In Washington D.C. Wednesday, the U.S House’s Committee on Natural Resources held its first hearing on climate change in more than eight years. It comes as newly emboldened Democrats take the majority and lead the committee. Among the first to testify before it was a Republican, Massachusetts Gov. Charlie Baker. WGBH Radio’s Craig LeMoult discussed Baker’s testimony with WGBH All Things Considered anchor Barbara Howard.
Barbara Howard: So why did the Democrats choose Baker?
Craig LeMoult: I think it was in large part because Baker is a Republican who's been vocal about the challenges of climate change, and is taking steps to address them. In his opening comments, Baker said “In Massachusetts, climate change is not a partisan issue. While we sometimes disagree on specific policies, we understand the science and know the impacts are real, because we're experiencing them firsthand.”
Howard: We have experienced flooding, of course, in Boston. We have coastal communities, and we worry about that. But did he describe the impacts that we've been feeling?
LeMoult: Yeah, he talked about some of the extreme weather events we’ve been having. He talked about the snow of 2015 that just wouldn't stop. He also talked about the impact that the warming of the Gulf of Maine is having on the state's fishing industry, saying, “That cod fishery is moving north, and the lobster fishery is moving north as well.

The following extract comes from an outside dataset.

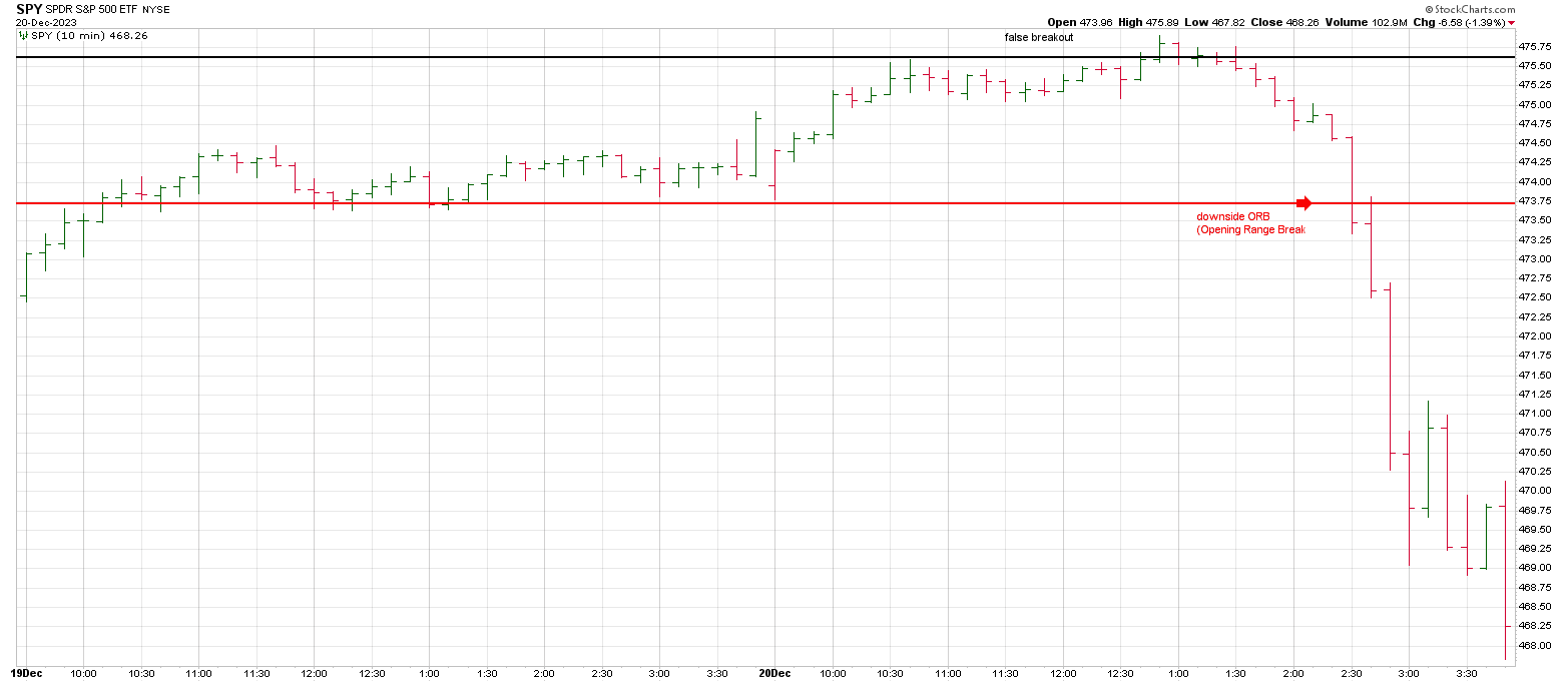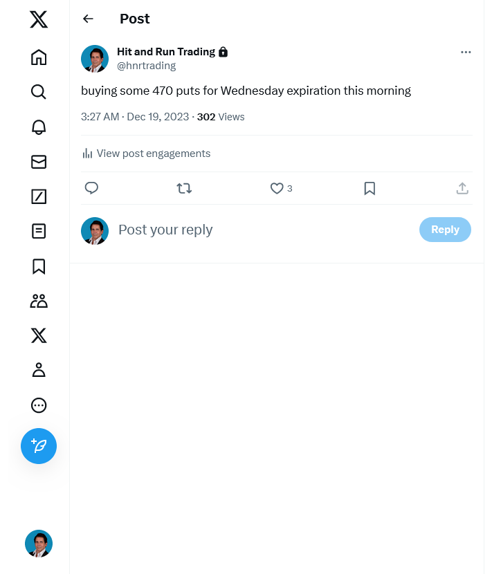 Tuesday, we posted on the Hit and Run Private Twitter Feed that 470 SPY puts for Wednesday, December 20th were “flier” buys.

We're all very concerned that as the water continues to warm in the Gulf of Maine, it could have huge implications for the shellfish industry as well.”
Howard: Did Baker talk at all about what Massachusetts is doing to address climate change?
LeMoult: He did. He boasted about the commitment that Massachusetts has made, about being one of the first states to set a goal of reducing carbon emissions to 80 percent below 1990 levels by 2050. He talked about the state's efforts to get energy from clean sources, including hydropower, and the current effort to build an offshore wind farm.
Howard: Did he make any requests in front of this committee that he was testifying before?
LeMoult: He asked for more federal support for resiliency efforts. He pointed out that too often, he said, that's only really available to us after a disaster happens. He asked for strong federal leadership on climate change. He wanted more investment in research on emissions reductions and adaptation. Also, he wants to incorporate climate risk and resilience in future federal spending, and in planning.
Howard: How did they react to all those requests?
LeMoult: The reaction really came down partisan lines. Democrats were very supportive of what they were hearing from Baker, but he did get some pushback from his fellow Republicans — Republican Congressman Tom McClintock of California, especially. He talked about an editorial in yesterday's Wall Street Journal that used a failed wind turbine project in Falmouth, Mass., as sort of a cautionary tale about the Democrats so-called “Green New Deal,” which focuses on clean energy infrastructure.
McClintock said, “A small town went deeply into debt to finance them. The townspeople couldn't bear the noise, the constant flickering light as 400-foot windmills turned ... Property values plunged 20 percent ... And I wonder how that squares with the bright picture that you painted.” Baker responded that the Falmouth project was well-intentioned, but it failed because they didn't make the right decisions about siting those wind turbines, saying, “Sometimes when something doesn't go the way it should go, everybody blames the concept. Well, sometimes we just screw up the way we actually implement it.” He said the state is being far more cautious in its current effort to site offshore wind.
Baker also got some pushback from Republican Congressman Garret Graves of Louisiana, who made a point of saying that Massachusetts really doesn't produce any oil or gas itself, and we get our energy from other states. Graves said it's all well and good for Massachusetts to focus on reducing emissions, but he added, “I also think it's important to recognize that states in some cases are fundamentally differently [sic] ... Years ago, I calculated the amount of energy that Massachusetts consumed, and I think it was 24 times more energy than they produced.”
Baker agreed with Graves’ point that basically, there can't be a one-size-fits-all solution for all of the states. At the same time, here at home in Massachusetts as Baker does try to reduce emissions, that reliance on fossil fuels that the Louisiana congressman talked about, particularly the expansion of the state's natural gas infrastructure, is something that environmentalists in the state are really busy criticizing Gov. Baker for.
Howard: How brave is it for Baker, a Republican, to stand there and take a position that goes contrary to many Republicans' views?
LeMoult: It's not a new position for Baker. He's been saying this for a long time, and he just got reelected, making this perfectly clear that climate change is a priority for him. So in Massachusetts, this is not a controversial thing, as he said. And states like Massachusetts have been trying to go off on their own, separate from the federal government, in leading on these issues.
Howard: And this can fly in this blue state of Massachusetts.
LeMoult: In Massachusetts it does.
Howard: That's WGBH Radio's Craig LeMoult, telling us about Republican Gov. Charlie Baker's testimony on Capitol Hill today before the House Natural Resources Committee. This is WGBH’s All Things Considered.